On Saturday, CBS’ analyst, Gary Danielson, noted the similarity with what Malzahn is doing now with Auburn’s offense and the old wishbone offenses made popular by Texas, Alabama and Oklahoma through the 1970s, when Malzahn was but a kid.
Danielson also brought up the nugget publicized here before of Malzahn studying the book on the Delaware Wing-T offense that dated to the 1950s. His offense at his first head coaching job, Hughes High School, was based on that scheme with some modern tweaks. Malzahn has returned to those basics again with a quarterback who can outrun most any other in the land but is plenty dangerous when he chooses to pass. A retro Danny Davis, if you will.
Marshall obviously can throw — but why bother when the run game is piling up nearly 600 yards against what was, before Saturday evening, the No. 2-ranked run defense in the SEC.
A year ago, before Malzahn had coached a game at Arkansas State in his first college head coaching gig, I mentioned to him before one of his speaking engagements that I didn’t believe anyone in this state (outside of a handful of folks) understood what he was about as an offensive innovator.
When Houston Nutt was urged to hire Malzahn as his offensive coordinator in 2006, the impression was that the Razorbacks with Darren McFadden, Felix Jones and Peyton Hillis would soon be flinging the ball all over the field in a pass-happy attack and in such a rapid pace that everyone would be gassed, including the Hogs’ defense. I’m pretty sure Nutt believed that as well.

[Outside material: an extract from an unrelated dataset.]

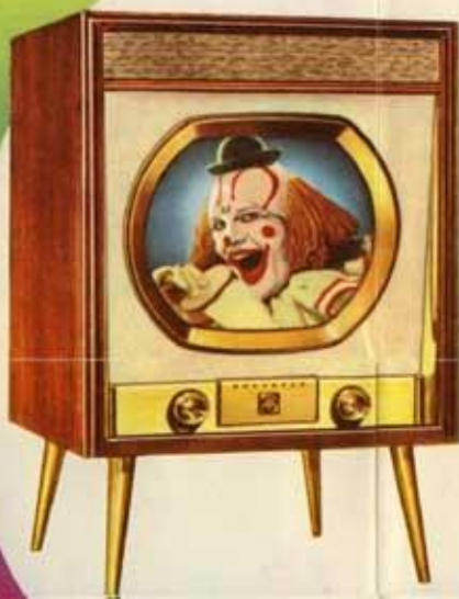
MODEL 19CK2—Here's modern design just as you like it in magnificent mahogany solids and veneers. Detachable spun brass legs. Big 19-inch (205 sq. in.) screen.

THE GREATEST DEVELOPMENT OF THE ELECTRONIC AGE

At Tulsa, Malzahn did have the Golden Hurricane putting up nation-leading offensive totals with lots of passing — because that’s what Tulsa did best with quarterback Paul Smith.
Auburn came out with guns a-blazin’ with Chris Todd, a spread-formation-style quarterback, when Malzahn was hired away from Tulsa by then first-year Tigers head coach Gene Chizik.

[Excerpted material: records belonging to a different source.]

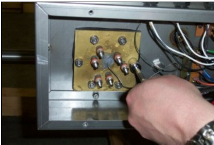
Removing the nuts and lockwashers

7. With the thermostat probe out of the way, use the 1/2" socket and ratchet to remove the nuts holding the heater to the tub. Remove all nuts and lockwashers.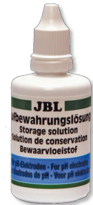
JBL Storage Solution Cleaning and storage solution for pH electrodes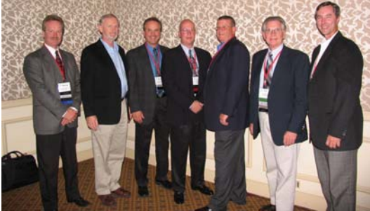
FCIA's 2008 Board of Directors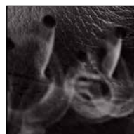
HAIX® Climate System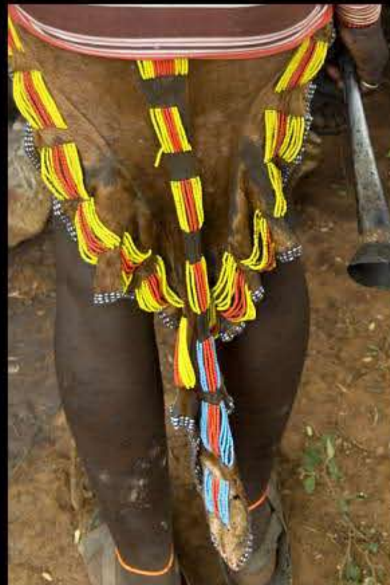
Dimeka, bull jamping (hammer) 068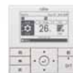
Wired Remote Controller (High grade)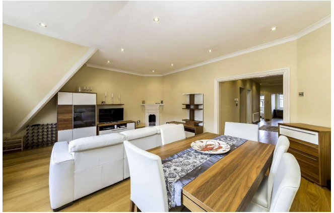
Park Street, W1K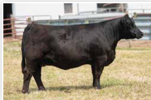
HARKERS DINAH MITE D133 | Dam of Lot 9

But then Cam Newton arrived on the Plains in 2010, and Newton was only throwing about 14-15 times a game (usually completing 11 or 12 of them, often for touchdowns) and running through the tackles or setting up Onterrio McCalebb and others for big gains on the edge. Even media folks I knew who had been around Malzahn’s championship Springdale program were saying, “Gus isn’t being allowed to run his offense. This isn’t his offense.”
How wrong all those folks were. Whatever might suit the talent on hand is what becomes Malzahn’s offense of the day. Today, those strengths are focused around a ton of speed and a running game that improved exponentially as the Auburn season rolled on.

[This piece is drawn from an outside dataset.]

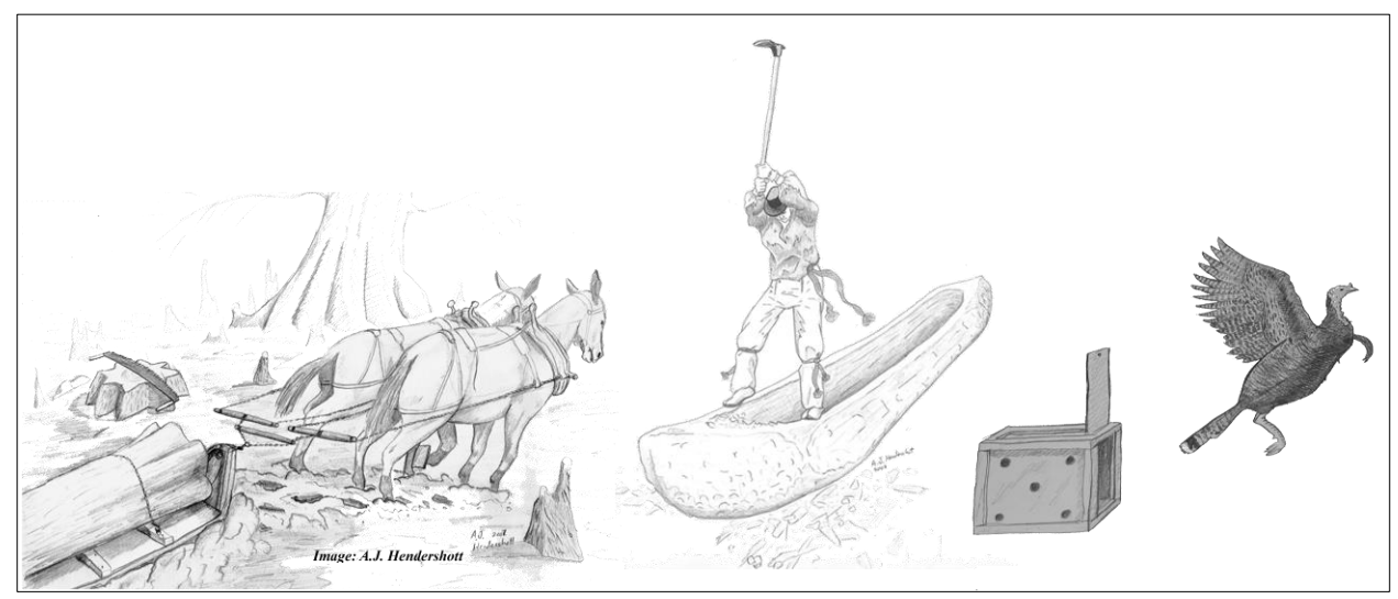
The logo from this year's MNRC theme.

MNRC 2020 has come and gone. This year's theme was Exploration, Exploitation, and Conservation: Comparing History and Current Management.

Malzahn has developed all of this through 20-plus years of coaching, creating not an offense but a philosophy that is geared to get a defense off-balance and out of position. He’s added the no-huddle, hurry-up (or slow-it-down, as the case may be) pace, and when the pieces are right, it’s as relentless as we see the Tigers now, as surprise champions of the SEC.
Eventually, the Delaware wing-T gave way to “pro” sets and I-formations, and later on defenses caught up to the Houston veer option and the Texas wishbone. We saw the “wildcat,” another Malzahn innovation with Nutt in 2006, provide a change of pace to the same ol’ power attacks. We’ve seen spread offenses these days, like Baylor’s, rack up 70 points in consecutive weeks, but eventually somebody has the players to stop it. This is the standard story with every offensive scheme that has, for a time, taken the game by storm.
Ultimately, what would be able to stop Auburn’s offense is a matchup with better athletes on the defensive side. That may be the case when the Tigers battle Florida State in the last BCS Championship Game on Jan. 6. But, with nearly a month to prepare, expect Malzahn to have an excellent scheme in place.